India’s nuclear energy sector is at a historic inflection point. With the enactment of the Sustainable Harnessing and Advancement of Nuclear Energy for Transforming India (SHANTI) Act , the country has undertaken its most consequential reform since the Atomic Energy Act of 1962. For six decades, nuclear power in India remained a state monopoly—strategically insulated, but operationally constrained. The SHANTI Act decisively breaks with this legacy by opening the sector to private participation, reforming civil nuclear liability, and seeking convergence with global regulatory norms.
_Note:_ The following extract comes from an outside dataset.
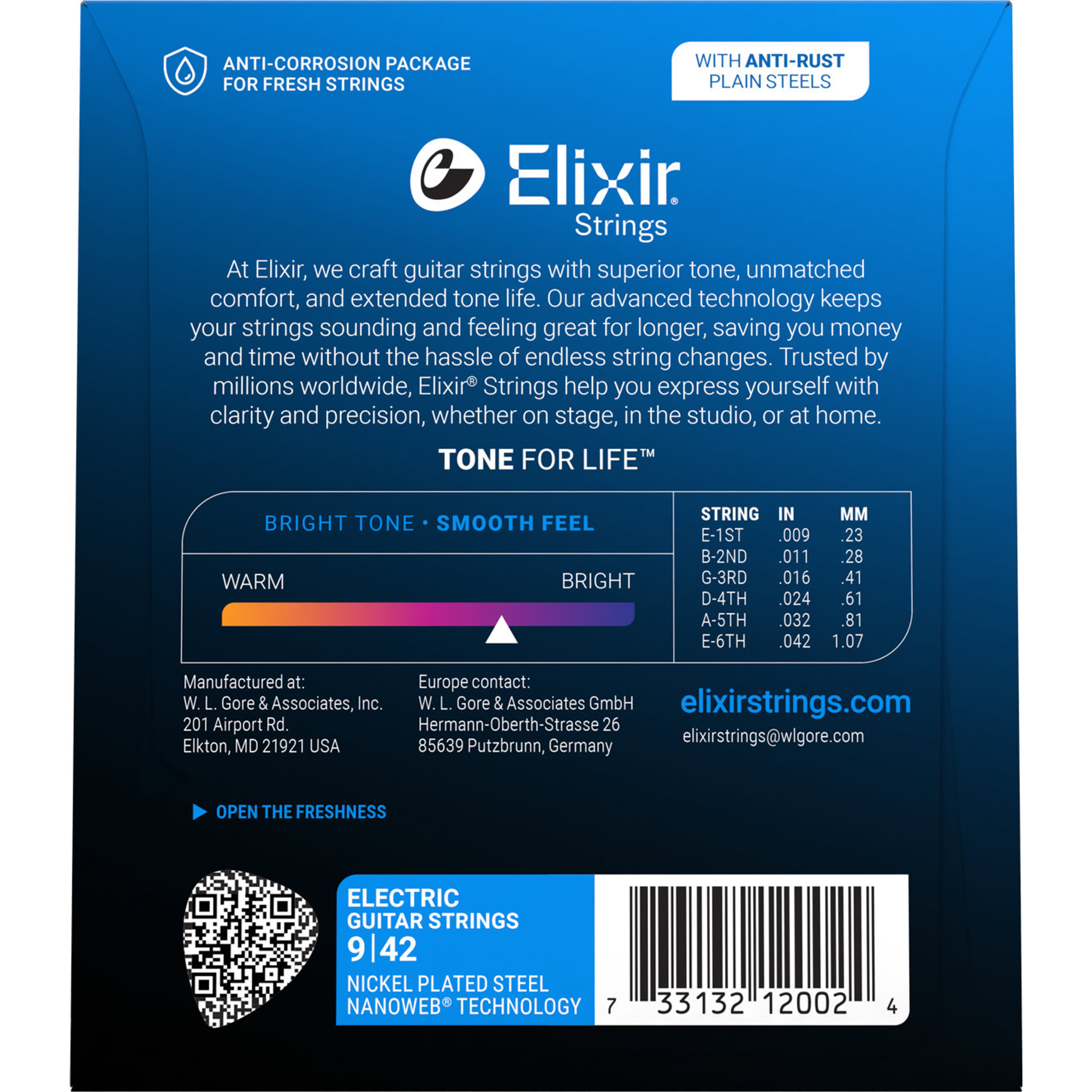 Contrairement à d'autres marques de cordes, Elixir enduit la corde dans son intégralité. Ainsi, non seulement la surface de la corde est protégée, mais aussi les espaces entre les spires du bobinage, où s'accumule habituellement la saleté qui tue le son sur les cordes d'autres marques. Et le revêtement anti-rouille des cordes en acier nu garantit à l'ensemble du jeu une tenue de son plus durable.

Yet, the Act’s transformative potential will depend not on legislative intent alone, but on how unresolved questions of regulation, liability, and pricing are ultimately settled.

The Legacy of State Monopoly and the Case for Reform

India’s post-independence nuclear programme was shaped by security imperatives. The Atomic Energy Act of 1962 concentrated control in the State to safeguard strategic autonomy. While this ensured oversight, it also limited scale, innovation, and access to private capital. As a result, nuclear power’s share in India’s energy mix stagnated at under 3%, despite the country’s rising electricity demand and climate commitments.

In contrast, global experience shows that nuclear expansion—whether in France, the United States, or South Korea—has relied on private participation, robust regulation, and predictable liability frameworks. The SHANTI Act reflects recognition that India’s earlier model was ill-suited to the demands of energy transition, decarbonisation, and technological advancement.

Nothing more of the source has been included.